*** COLLECTED DATA ***
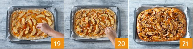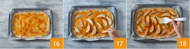 and spread it over the entire surface 16. Also arrange the apple slices on top 17 and brush them with a bit of jam.
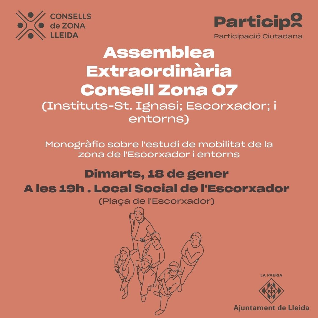 La reunió respon al compliment de l’acord de l’Assemblea Plenària del consell, que aplega els barris Instituts-Sant Ignasi, Escorxador i entorns, la qual es va celebrar el passat 22 de desembre. La trobada veïnal estarà presidida per Joan Ramon Castro, que, a més de regidor de la Zona 07, també ho és de Mobilitat a l’Ajuntament de Lleida.
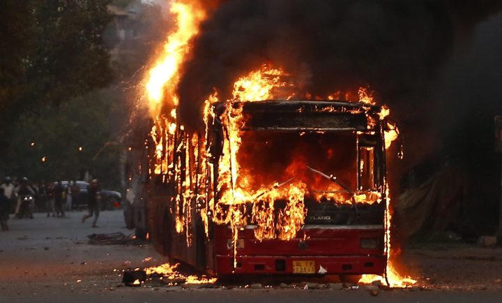 The third day of what had been a peaceful demonstration against the law, passed by India’s Parliament last week, descended into chaos Sunday afternoon. Three buses were set on fire, police officials said.
*** End of COLLECTED DATA ***
WORK TO BE COMPLETED >>
Take the listing above and restate it word for word, without its pictures.

COMPLETED EXERCISE >>
 and spread it over the entire surface 16. Also arrange the apple slices on top 17 and brush them with a bit of jam.
 La reunió respon al compliment de l’acord de l’Assemblea Plenària del consell, que aplega els barris Instituts-Sant Ignasi, Escorxador i entorns, la qual es va celebrar el passat 22 de desembre. La trobada veïnal estarà presidida per Joan Ramon Castro, que, a més de regidor de la Zona 07, també ho és de Mobilitat a l’Ajuntament de Lleida.
 The third day of what had been a peaceful demonstration against the law, passed by India’s Parliament last week, descended into chaos Sunday afternoon. Three buses were set on fire, police officials said.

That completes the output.